En medio del COVID-19, que tiene al mundo sumido en una crisis, la Amazonía colombiana ha tenido que afrontar los mismos problemas de siempre, pero en condiciones más adversas. Para Magaly Belalcázar, es el caso de las amenazas y el desplazamiento de las comunidades, la deforestación, la falta de gobernanza y la poca efectividad de instituciones que garantizan la protección del medio ambiente.
No podemos hablar de paz
A Fabiola*, lideresa caqueteña, una persona le avisó que el grupo ‘La Sinaloa’ estaba detrás de ella. “Vaya y ponga la denuncia porque a usted la van a matar”, fue lo que le dijo una de las personas a las que estaba asesorando desde la plataforma que dirige.
“Yo no entiendo por qué me quieren hacer daño por hacer el bien”, se pregunta. Durante años ha trabajado con víctimas del conflicto armado para que obtengan el restablecimiento de sus derechos y garantías de no repetición. A su esposo y a su hijo no les gusta del todo lo que hace, porque temen cada día por su seguridad.
Fabiola* no quiso denunciar esta amenaza porque no tiene más pruebas de que la quieren matar y, además, porque cree que la Unidad Nacional de Protección (UNP) no prestará atención a su llamado. “Yo sí hago responsable al Gobierno de la falta de medidas de protección para los defensores”, advierte.
Como ella, Magaly Belalcázar tampoco habla de las agresiones que recibe y prefiere no dar fechas. No volvió a denunciarlas porque la última vez que lo hizo, cuando la amenazó un grupo paramilitar, las instituciones no respondieron a su petición. Según dice, consideraron que esto no constituía un riesgo grande para su vida.
“Nosotras hemos denunciado varias veces las amenazas, la persecución y estigmatización contra la Plataforma, pero nada pasa. […] No tenemos garantías. No solamente yo, sino muchos que están amenazados. No hay opción”, se lamenta.
“Caquetá está en manos de la ilegalidad. Acá hay rutas del narcotráfico, deforestación dirigida, grupos al margen de la ley y, por supuesto, disidencias de las FARC. También hay planes sistemáticos de amenazas a líderes”, explica Mercedes Mejía de la organización civil Mesa Departamental para la Defensa del Agua y el Territorio del departamento.
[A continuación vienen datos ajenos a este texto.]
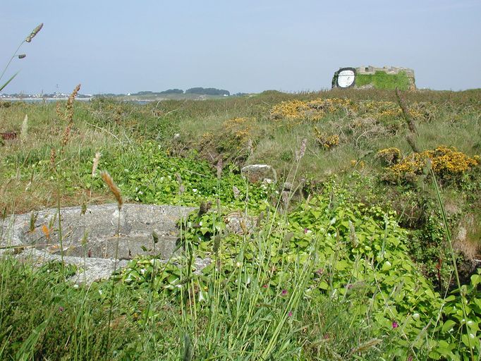 Landéda, île Cézon : vue du Tobrouk de l'abri de type 621. Situé en dehors du fort (quoique relié par des tranchées bétonnées), l'abri doit pouvoir servir de réduit à 10 soldatsImmatriculation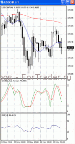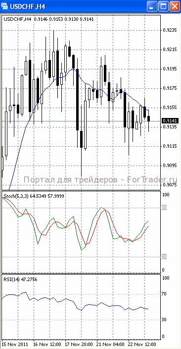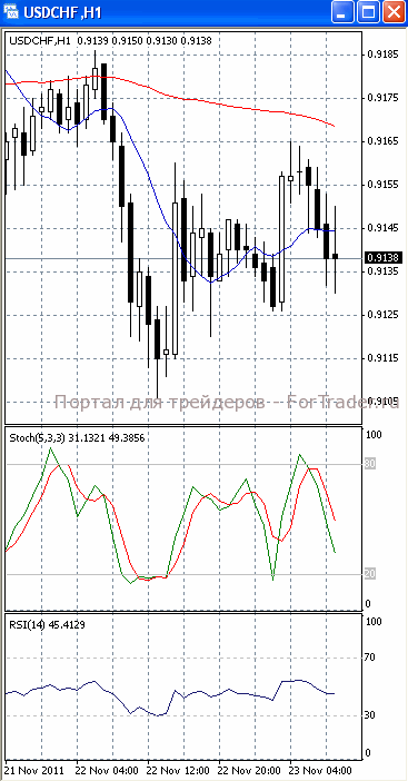 На часовом графике (рис.2) и «быстрая», и «медленная» скользящие средние направлены вниз, тем самым, подтверждая предположение о вероятности прорыва указанного уровня поддержки и дальнейшего падения. В медвежьем направлении устремлен SS. RSI, напротив, наметил разворот вверх, сигнализируя в пользу возврата цен к отметке 0.9150.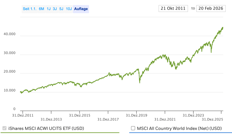 Der 15-Jahres-Kursverlauf des MSCI ACWI-ETFs von iShares.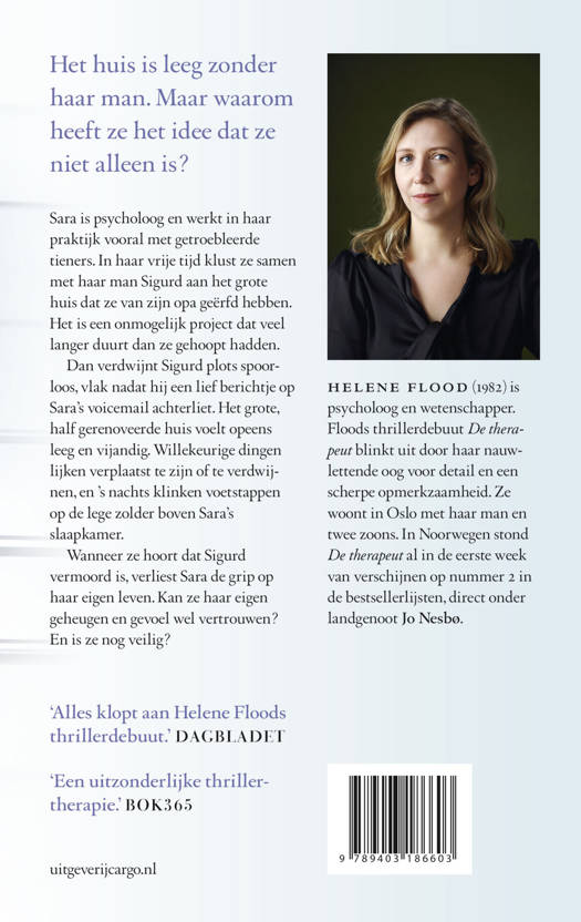 Dan verdwijnt Sigurd plots spoorloos, vlak nadat hij een lief berichtje op Sara’s voicemail achterliet. Het grote, half gerenoveerde huis voelt opeens leeg en vijandig. Willekeurige dingen lijken verplaatst te zijn of te verdwijnen, en ’s nachts klinken voetstappen op de lege zolder boven Sara’s slaapkamer.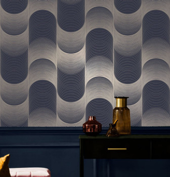 Vliesová tapeta se stříbrnými vlnkami na tmavě modrém podkladu vnese do interiéru luxus a noblesu.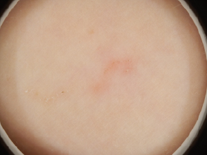 専用のデルモスコープで写真を撮影すると、ダニの皮膚トンネルが確認できます。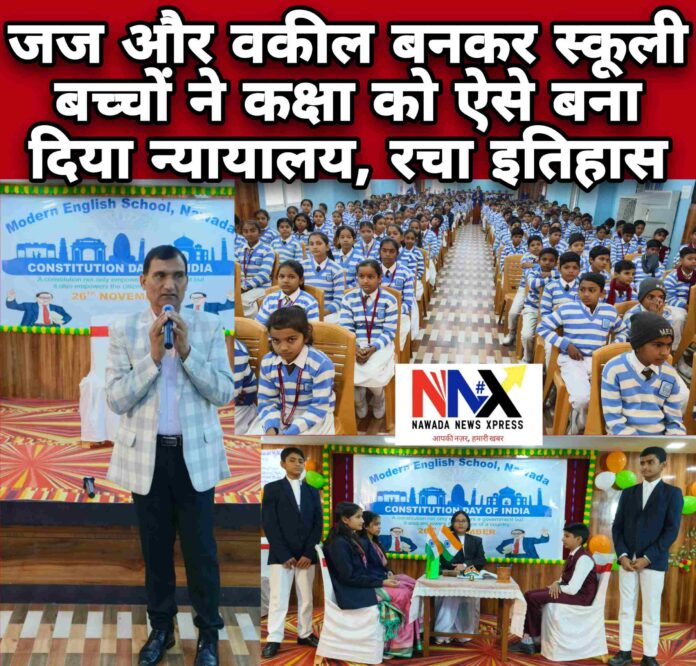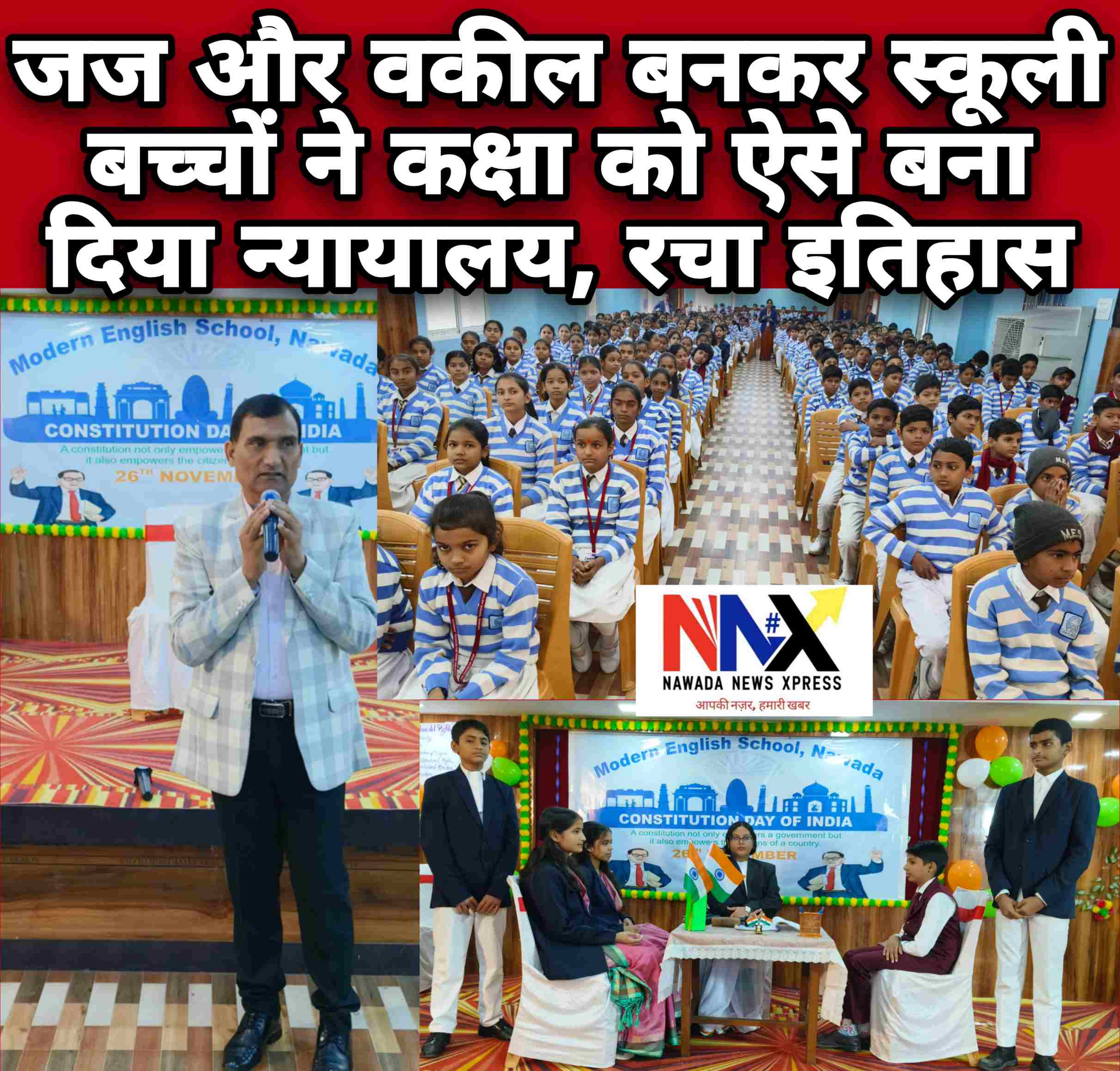 नवादा में मॉडर्न शैक्षिक समूह की शाखा न्यू मॉडर्न इंग्लिश स्कूल में 26 नवंबर 2025 को संविधान दिवस बड़े उत्साह और जागरूकता के साथ मनाया गया। इस अवसर पर विद्यालय के छात्रों ने भारतीय न्याय व्यवस्था पर आधारित एक प्रभावशाली नाटक का मंचन कर सभी का मन मोह लिया। नाटक में अदालत की वास्तविक कार्यवाही को जीवंत करते हुए न्यायिक प्रक्रिया को सरल और रोचक रूप में दर्शाया गया।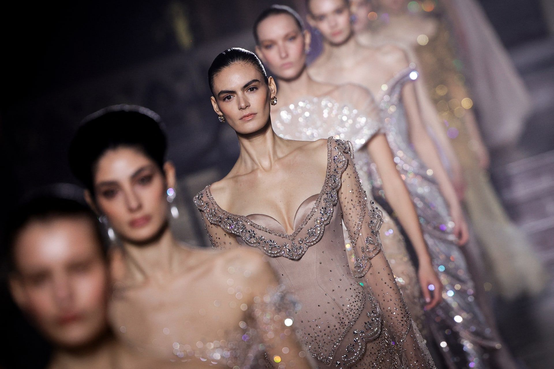 عكست المجموعة حرفية عالية ودقة في التطريزات اللامعة والبراقة، إلى جانب التوازن بين سحر كلاسيكي أنثوي ولمسات عصرية جريئة.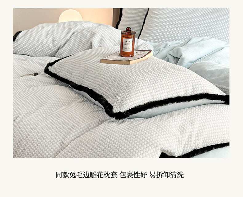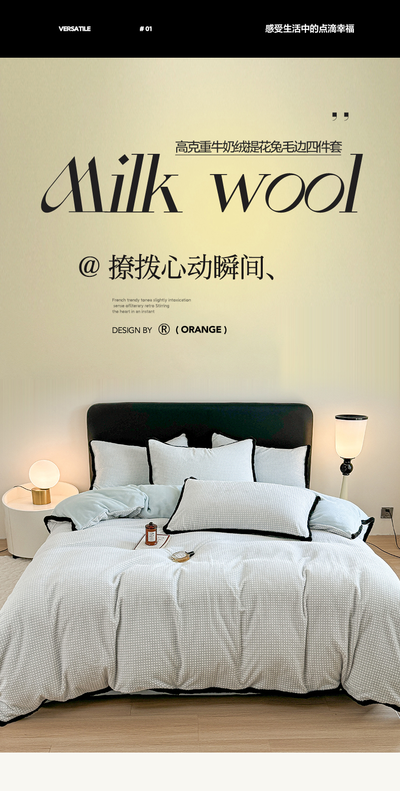 (总)KA家纺 2025冬季高克重绣花雕花牛奶绒四件套,相约奶昔白,相约粉,相约绿,相约蓝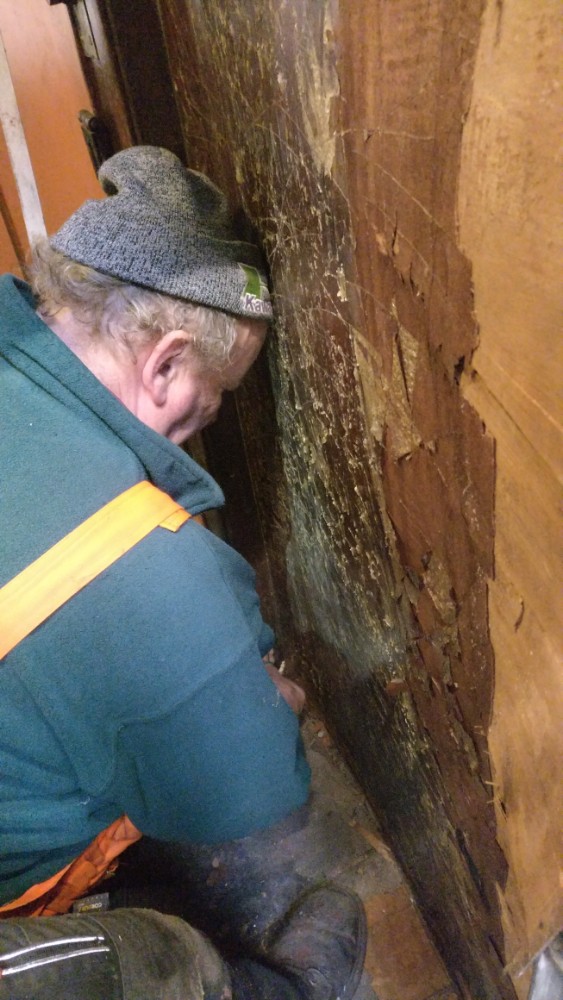 Matt started by sorting and tidying the bedroom, throwing out all the old clothes and detritus and making all the beds. Where the heaters had been removed, the paneling was removed and thrown out upon conversion. Matt manufactured some more and I fixed some timber battens to the Z irons for Matt to fix things too.
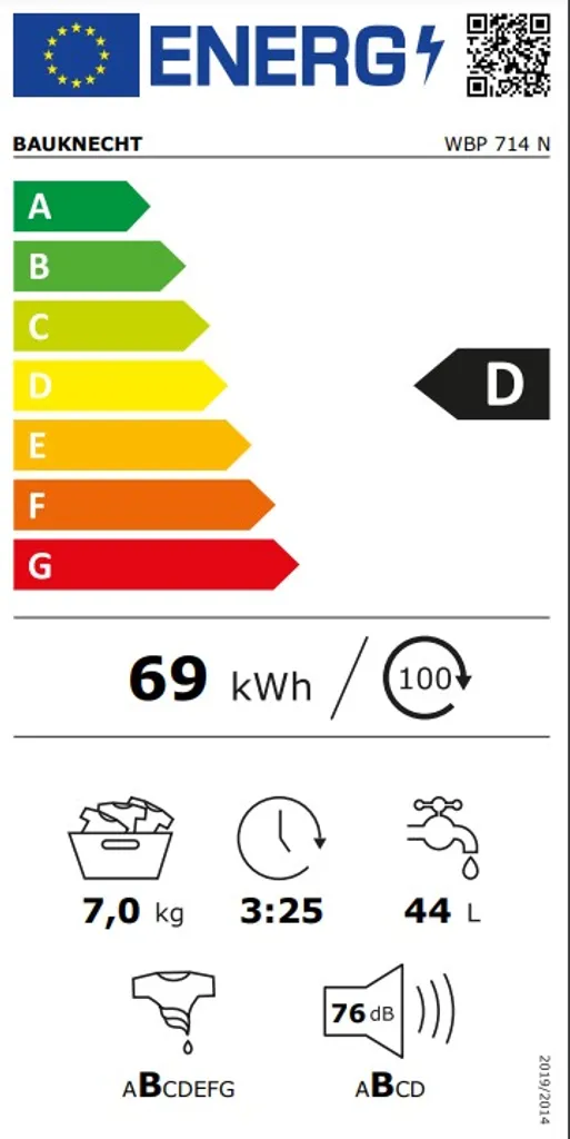 Bauknecht Waschmaschine WBP714N 7kg 1400U/min Allergie-Programm EEK; D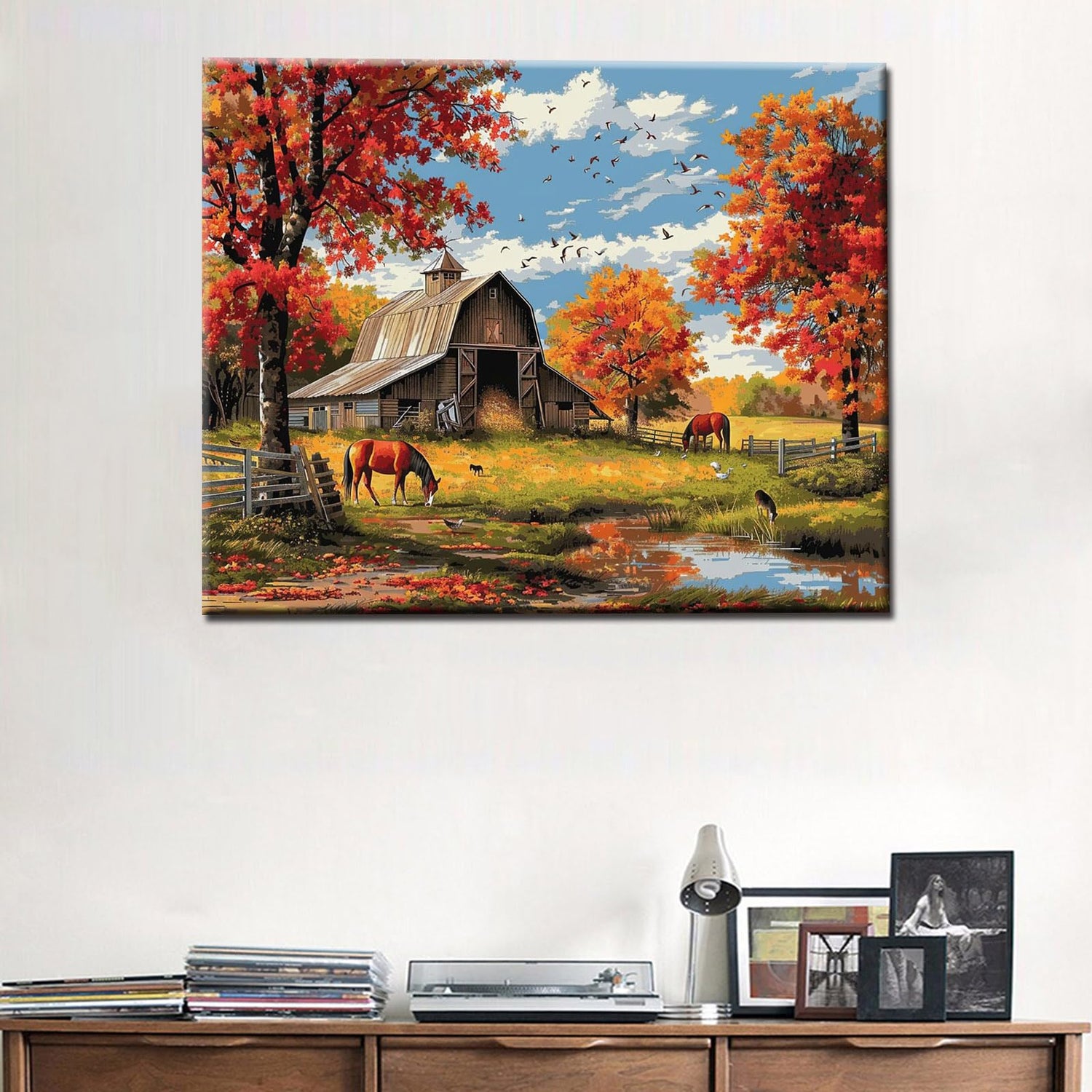 Autumn Farm Scenery Paint by Numbers Kits 16x20 inch Canvas Farm Barn Horse Landscape DIY Oil Painting for Adults Beginner with Brushes and Acrylic Pigment-Nature Fall Scenery Photo Gift(Frameless)

Las confrontaciones entre el Frente Primero ‘Carolina Ramírez’ de las disidencias, el grupo de crimen organizado ‘Sinaloa’ o ‘La Mafia’, así como la presencia de grupos que surgieron luego de la desmovilización de las Autodefensas Unidas de Colombia (AUC) tienen al departamento en medio de una violencia que, según sus habitantes, no hace eco en el Gobierno nacional a pesar de que la Defensoría del Pueblo ya alertó que estas organizaciones criminales, “se han ido insertando en las actividades de compra y tráfico de la coca y la tercerización de acciones violentas”. Mientras tanto, las comunidades insisten en que ahora más que nunca es necesario cumplir con el Acuerdo de Paz y dejar de militarizar el territorio.
“La implementación de la paz nos está costando la vida y un esfuerzo emocional muy grande”, dice Aurora Iglesias de la Universidad de la Amazonía. “No podemos hablar de paz si la única manera en la que el Estado llega a los territorios es a través de la vía militar. No podemos hablar de paz cuando no hay una respuesta adecuada para las mujeres, cuando se permiten las masacres a campo abierto y cuando el Gobierno solo da garantías a los grandes terratenientes”, asegura.
Para Magaly Belalcázar, cada vez hay menos voluntad para la paz, pero sí para la guerra. Para ella, no se puede hablar de paz cuando a los defensores del medioambiente los están matando. “La paz está ahogada en la sangre de los líderes y lideresas de este país”, dice. Y en el camino, las mujeres siguen siendo quienes llevan la peor parte.